しかし、スネイプにとっては狼人間は取り扱うべき題材だった。
本来ならまだ習わないはずの題材を授業で取り扱う意味とは。課題まで出し、生徒に深く理解させようとする意味とは。
――単純に考えれば、必要があるからね。でも、どうして必要になるの? まさか……狼人間がホグワーツの近くにいる?

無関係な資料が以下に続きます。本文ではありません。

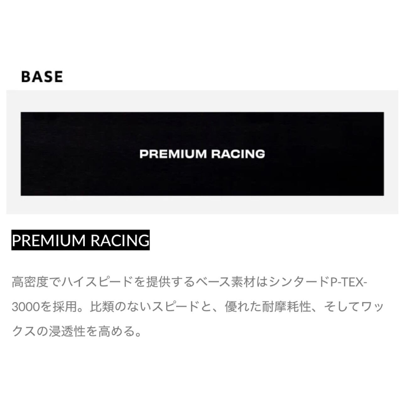 ■高密度でハイスピードを提供するベース素材はシンタードP-TEX-3000を採用。比類ないスピードと、優れた耐摩耗性、そしてワックスの浸透性を高める。
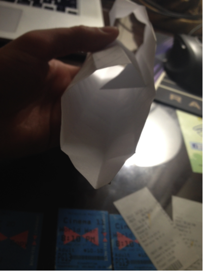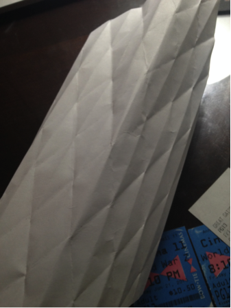 The one of the primary attributes of the measuring cup that we are re-designing is the collapsibility. When contemplating the collapsible functionality, I wanted to explore different fold patterns that would produce a collapsible effect. I started with a square to reproduce a complicated fold pattern I discovered on line. The online version had a pattern, but I wanted to produce this from scratch to understand the precision of the pattern.
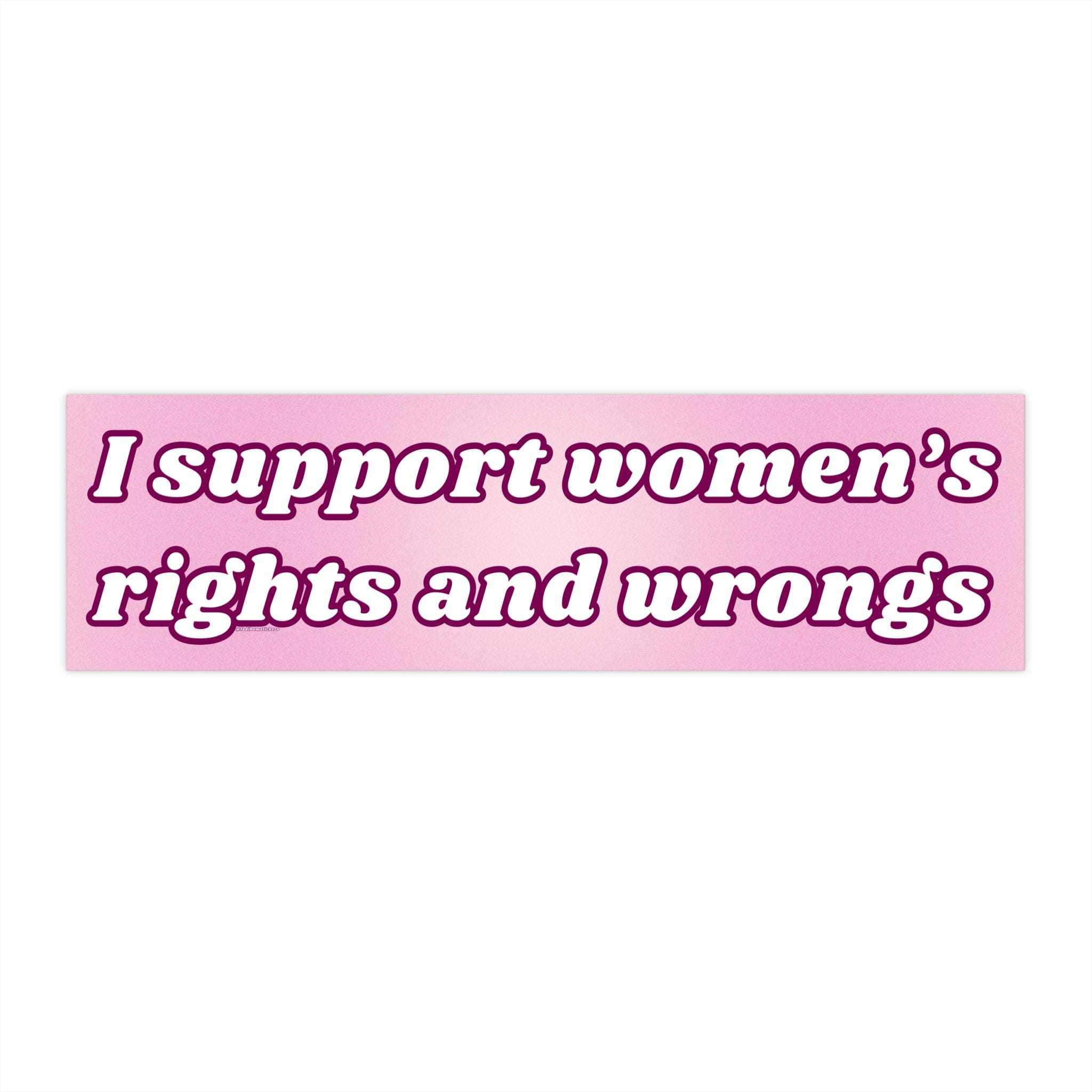 Upgrade your space with the I support women’s rights and wrongs | Bumper Sticker AND Magnet | Funny Meme Sticker | 8.7” X 2.7” | Waterproof Quality. It’s time to show the world what you stand for with style!

――いいえ、それはあり得ないわ。もしも狼人間が学校の近くにいると分かっているなら、先生たちが追い出すはずだもの。
ハーマイオニーはふと、森を思い浮かべた。禁じられた森。そこは常に立ち入り禁止にされている。
――仮に、あくまで仮にだけど、狼人間がいるとすれば禁じられた森ね。
だが、そうだとすればスネイプの行動は不自然だ。昔から森に狼人間がいるならば、急に授業で取り扱うことはないはずであるし、つい最近やって来たのであれば、学校中に堂々と警告すればいい。
「何を悩んでいるんだ?」
「うーん?」
「勉強していないのに静かなんて、君にしては珍しい」
「私はいつも静かよ」
ドラコは作り笑いを浮かべた。「君がそう思うならそうなんだろう。君の中ではな」
「黙って」ハーマイオニーは顔を赤くして、ドラコの肩を本で叩いた。「ねえ、ドラコは新入生の中に狼人間がいると思う?」
「新入生の中に?」ドラコは眉をひそめる。「どんなに小さな狼だったとしても、流石に気付かれるだろ」
「狼人間だと先生たちが知っていて、それを隠しているとしたら?」
「どうだろう。でも……気が付かないかもしれない」
「ええ、多分ね」ハーマイオニーはしばらく考え込んだ末に呟いた。「私、図書館に行ってくるわ」
「どうぞ、どうぞ」ドラコはため息まじりに言った。
ハーマイオニーはすぐには立ち上がらず、少しの間ソファーに座り続けた。自分と同じぐらいの歳の女の子が(ドラマや映画で見た)こういう時どうするのか考えていた。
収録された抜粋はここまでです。